Calculate word frequencies in text corpora
To install WordFrequenciesCounter
, go to the Playground (Ctrl+OW) in your Pharo image and execute the following Metacello script (select it and press Do-it button or Ctrl+D):
Metacello new
baseline: 'WordFrequenciesCounter';
repository: 'github://olekscode/WordFrequenciesCounter/src';
load.
If you want to add a dependency on WordFrequenciesCounter
to your project, include the following lines into your baseline method:
spec
baseline: 'WordFrequenciesCounter'
with: [ spec repository: 'github://olekscode/WordFrequenciesCounter/src' ].
First, we need to select a text corpus on which we will be calculating the word frequencies. A corpus is just a file with very long text or combination of texts that is used to train language models. For example, the Guttenberg Corpus contains full texts of hundreds of English books, Brown Corpus contains different-purpose texts in English such as Press, Hobbies, Science, Religion, Fiction. Leipzig WortSchatz provides corpora in many different languages, including Wikipedia articles, news, and web corpora.

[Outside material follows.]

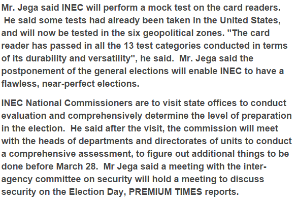 At a gathering with Senators Wednesday, Mr. Jega said he couldn’t submit himself to the “sacredness” of March 28 and April 11 – dates for the rescheduled Nigeria’s general decisions. He said the electing commission couldn’t promise parts of the elections that are outside its ability to control. Mr. Jega met with the legislators to audit the choice to delay the elections from February.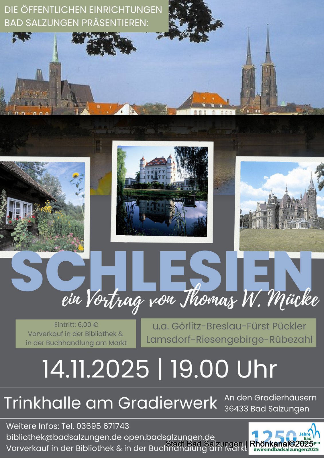 Thomas und Nina W. Mücke und die Öffentlichen Einrichtungen der Stadt Bad Salzungen laden dazu ein, Schlesien neu zu entdecken – mit offenen Augen, Ohren und Herzen am Freitag, den 14. November 2025 um 19 Uhr in der Trinkhalle am Gradierwerk in Bad Salzungen.

By analysing a text corpus, we can learn about the language that is used in it.
More specifically, with WordFrequenciesCalculator
, we can calculate the word frequencies in a corpus, which will be representative of the word frequency of its language.
We download a selected corpus into a .txt
file and create a file reference in Pharo:
corpusFile := '/Users/oleks/Documents/Data/brown.txt' asFileReference.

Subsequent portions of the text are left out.